Uncertainty Over Life Expectancy Becoming a Mainstream Concept

Following on in the theme of last week's post on the spreading ideas of longevity science, I think it's fair to say that uncertainty in projected life expectancy is now a fairly mainstream concept. Vast sums of money - the massive industries of pensions, life insurance, and so forth - rest upon reasonably accurate actuarial projections of life span and mortality rate.

Long term projections of life span continue to trend upward as the actuaries revise their opinions on biotechnology - but I believe they still fail to account for potential revolutionary advances in medicine that lie ahead. The level of uncertainty at least is fairly well grasped now within the actuarial industry, but for various political reasons it is only slowly seeping into official projections.

Unfortunately for these industries, and for governments whose politicians have made promises of future entitlements based upon old projections of life span, the advance of biotechnology is making the future exceedingly uncertain. Uncertain in a good way, of course - more life for us. If there are people and institutions out there whose livelihoods depend upon betting against increasing longevity ... well, the sooner they find a different business to be in, the better off they'll be.

I recently noticed a BusinessWeek article that touches on this and related issues:

As the 79-million-strong Baby Boom generation starts hitting age 65, demographers and medical researchers are increasingly at odds over how long they'll live. It's a question with major implications on a national level, for how much Social Security and Medicare will cost future generations of Americans. On a personal level, life expectancy complicates plans for saving and spending: Live too long and risk running out of money; die young and you can't take it with you.

...

One obvious way to finance a longer retirement is to save more, either by spending less or working longer. If maximum life spans extend to 100 years or even past 110, longer careers will be easier for older Americans and might even be psychologically beneficial, says Steven Austad, a professor at the University of Texas Barshop Institute for Longevity and Aging Studies in San Antonio. "The retirement age of 65 makes no sense whatsoever anymore," Austad says.

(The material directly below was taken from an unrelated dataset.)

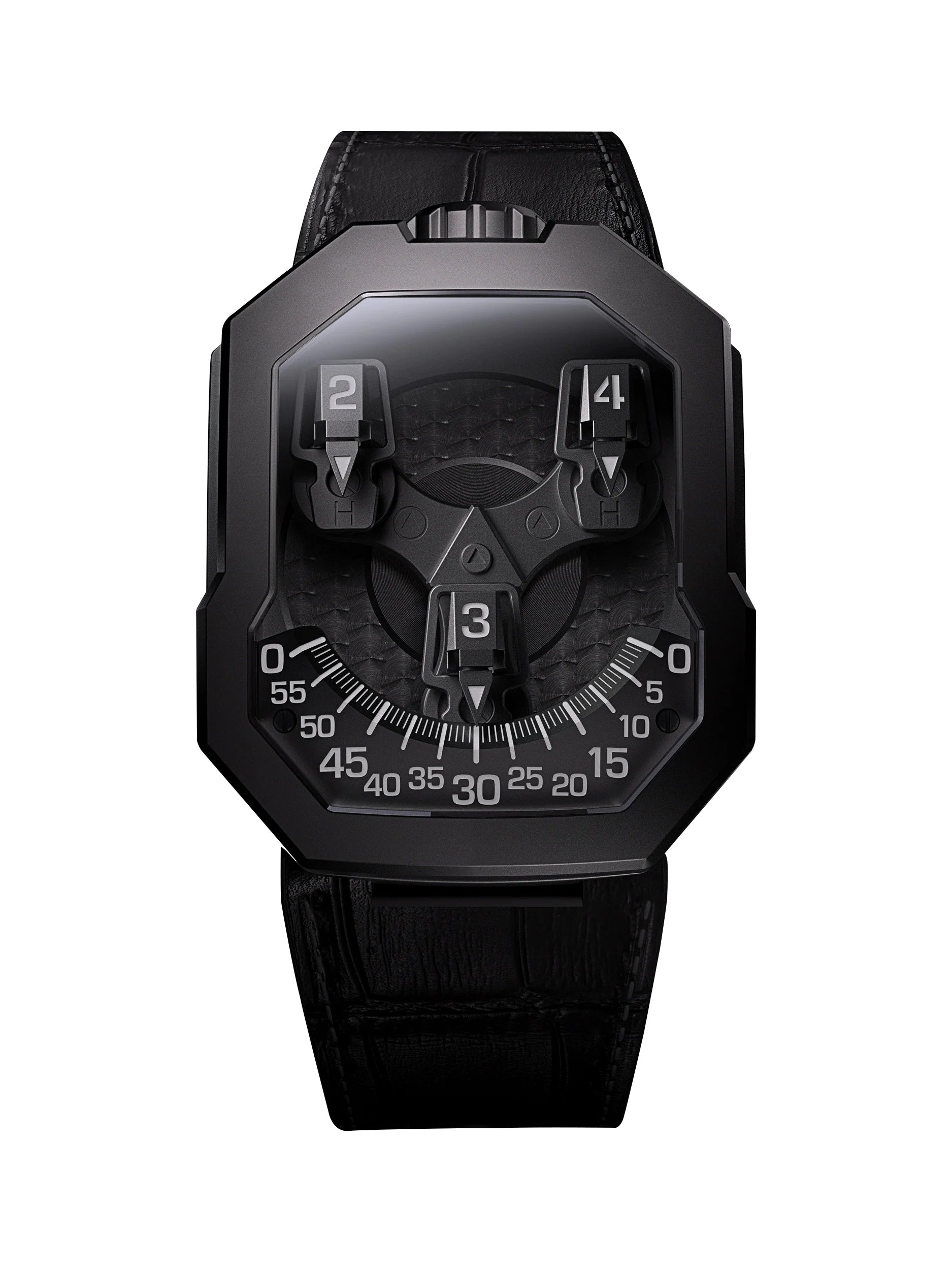 - Grade 5 titanium arm, anodized aluminum Rotating proprietary pyramids, and Fish Scale Pattern dial,Swiss Super-Luminova™ coated numerals on the semi-circular minute track, and Rotating pyramids.

Retirement is one of many things that will be changing. I think that the idea of uncertainty in future life span due to advancing biotechnology may be a good path for many new faces to find their way to the healthy life extension community. It is a way past the unspoken assumption that so many people have: that their lives will look the much same as those of their parents and grandparents in scope. Further, it doesn't take much investigation for an interested person to move past the very conservative viewpoint of uncertainty in life expectancy being a matter of a few years added here and few years lost there, and find scientists who talk of adding decades to life in the first half of this century. Even those scientists are moderates compared to folk at the SENS Foundation and similar visionaries - and the first step to finding out that all this exists is to step beyond the first, naive assumptions most people have about the future of human life span.

Comments

Gee, could there be a way to make money here, e.g. buying life insurance stocks or shorting annuities? Surely some financial instruments are going to be very affected as this perception goes mainstream.